LKrig.MLE: This is a simple wrapper function to accomplish repeated calls to the LKrig function to evaluate the profile likelihood and/or to optimize the likelihood over the lambda parameters. The main point is that maximization over the lambda parameter (or equivalently for tau and sigma2) is the most important and should be done before considering variation of other parameters. If lambda is specified then one has closed form expressions for tau, sigma2 that can then be substituted back into the log full likelihood. This operation that is the default throughout LatticeKrig (and fields) can concentrate the likelihood on a reduced set of parameters. The further refinement when lambda.profile==TRUE is to maximize the concentrated likelihood over lambda and report this result.

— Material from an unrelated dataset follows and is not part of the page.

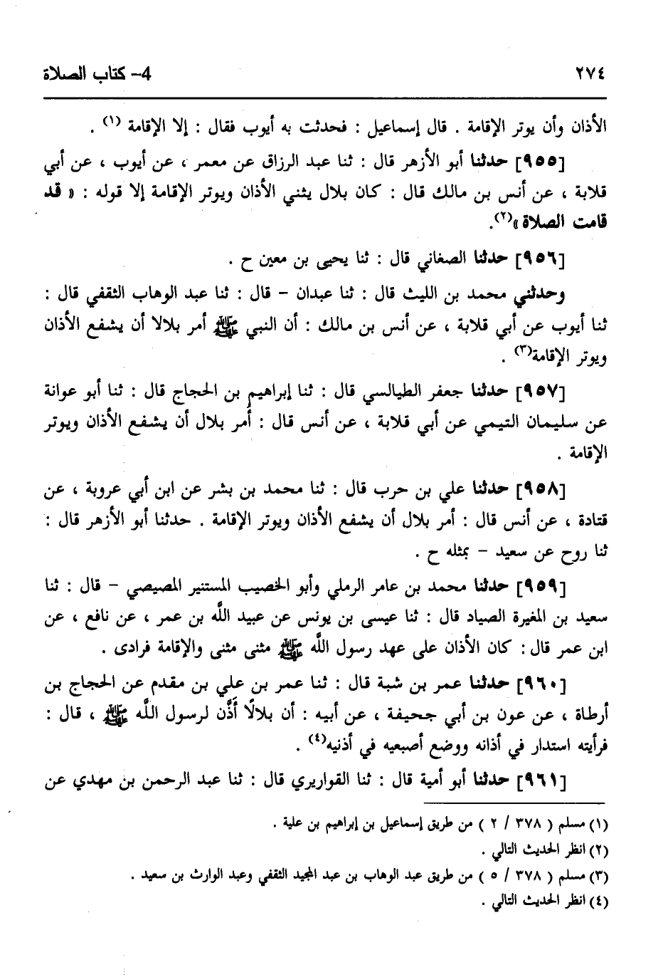 956 - حَدَّثَنَا الصَّغَانِيُّ قَالَ: ثَنَا يَحْيَى بْنُ مَعِينٍ ح، وَحَدَّثَنِي مُحَمَّدُ بْنُ اللَّيْثِ قَالَ: ثَنَا عَبْدَانُ قَالَ: ثَنَا عَبْدُ الْوَهَّابِ الثَّقَفِيُّ قَالَ: ثَنَا أَيُّوبُ، عَنْ أَبِي قِلَابَةَ، عَنْ أَنَسِ بْنِ مَالِكٍ، أَنَّ النَّبِيَّ صَلَّى اللهُ عَلَيْهِ وَسَلَّمَ «§أَمَرَ بِلَالًا أَنْ يَشْفَعَ الْأَذَانَ وَيُوتِرَ الْإِقَامَةَ»

This will be a profile likelihood over the remaining parameters of the covariance.

The covariance/model parameters are alpha, a.wght, and log lambda and are separate matrix or vector components of the par.grid list. The cleanest version of this function would just require the par.grid list, however, to be easier to use there are several options to give partial information and let the function itself create the master parameter list. For example, just a search over lambda should be easy and not require creating par.grid outside the function. To follow this option one can just give an LKinfo object. The value for the lambda component in this object will be the starting value with the default starting value being lambda =1.0.

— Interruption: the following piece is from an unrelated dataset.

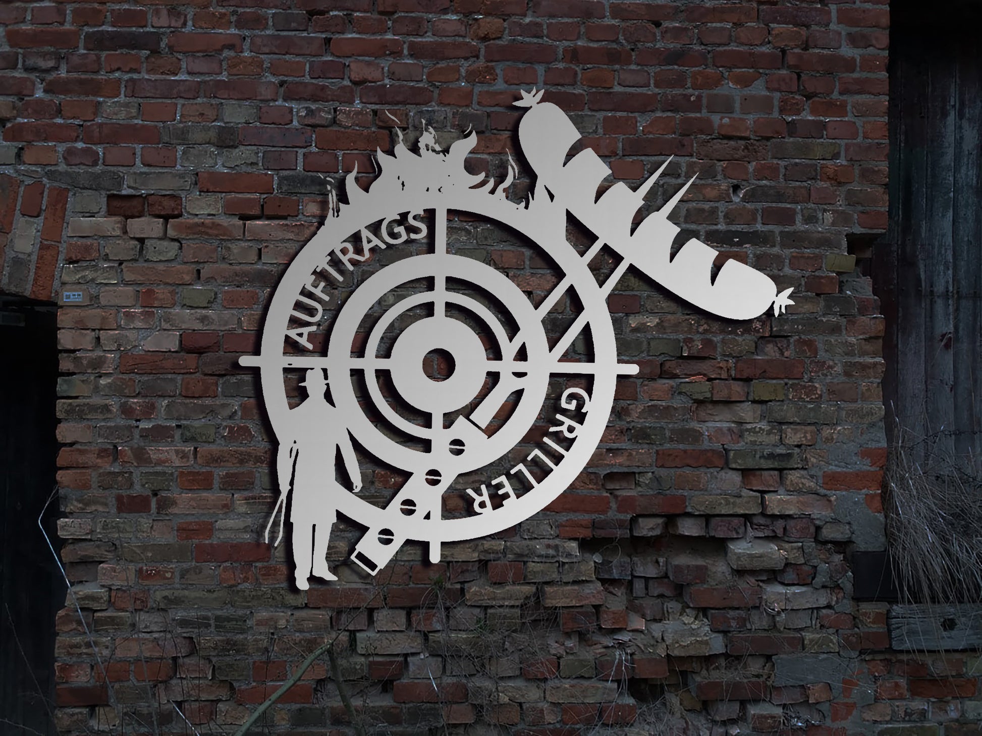 Edelstahl WandbildSchild Wandbild Holzkohle grillen Grillbesteck Grillhandschuhe Grillkohle Grillspieße Grillbürste Grillpfanne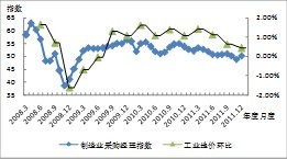 图10 制造业采购经理指数和主要监测城市工业地价增长率(%)

In the second example below most of the coding is getting the grid of parameters to search in the right form. It is useful to normalize the alpha parameters to sum to one so that the marginal variance of the process is only parameterized by sigma2. To make this easy to implement there is the option to specify the alpha parameters in the form of a mixture model so that the components are positive and add to one (the gamma variable below). If a component gamma is passed as a component of par.grid then this is assumed to be in the mixture model form and the alpha weights are computed from this. Note that gamma will be a matrix with (nlevel - 1) columns while alpha has nlevel columns.

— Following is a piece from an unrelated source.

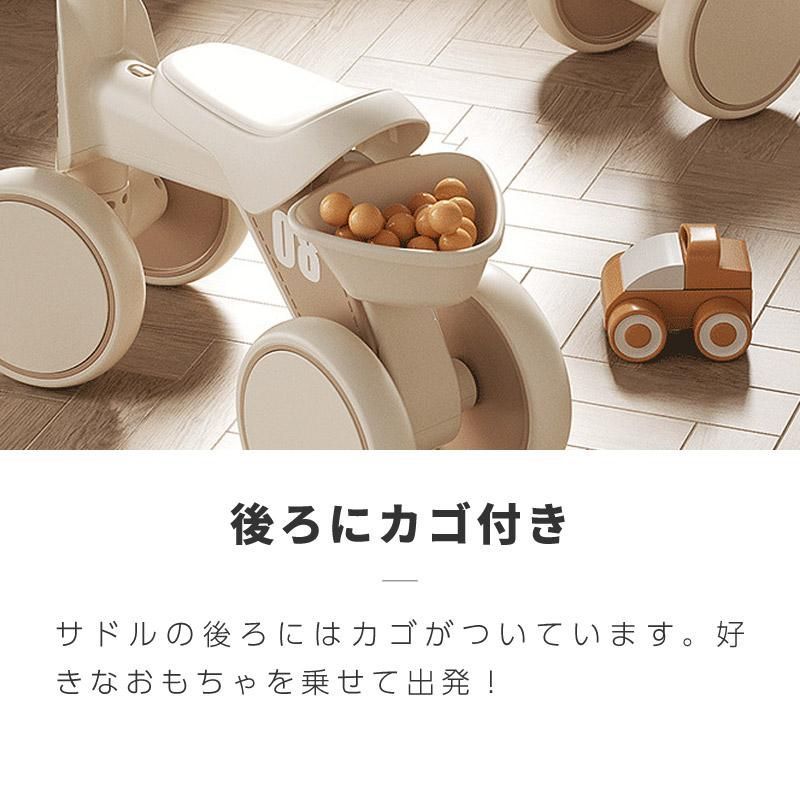 後ろにカゴ付きサドルの後ろにはカゴがついています。好きなおもちゃを乗せて出発!!

For those readers that use which.max these functions are natural extensions and are handy for looking at interpolated surfaces of the likelihood function.

which.max.matrix: Finds the maximum value in a matrix and returns the row/column index.

which.max.image Finds the maximum value in an image matrix and returns the index and the corresponding grid values.

LKrig.make.par.grid: This is usually used as an internal function that converts the list of parameters in par.grid and the LKinfo object into an more complex data structure used by LKrig.MLE. Its returned value is a "list of lists" to make the search over different parameters combinations simple.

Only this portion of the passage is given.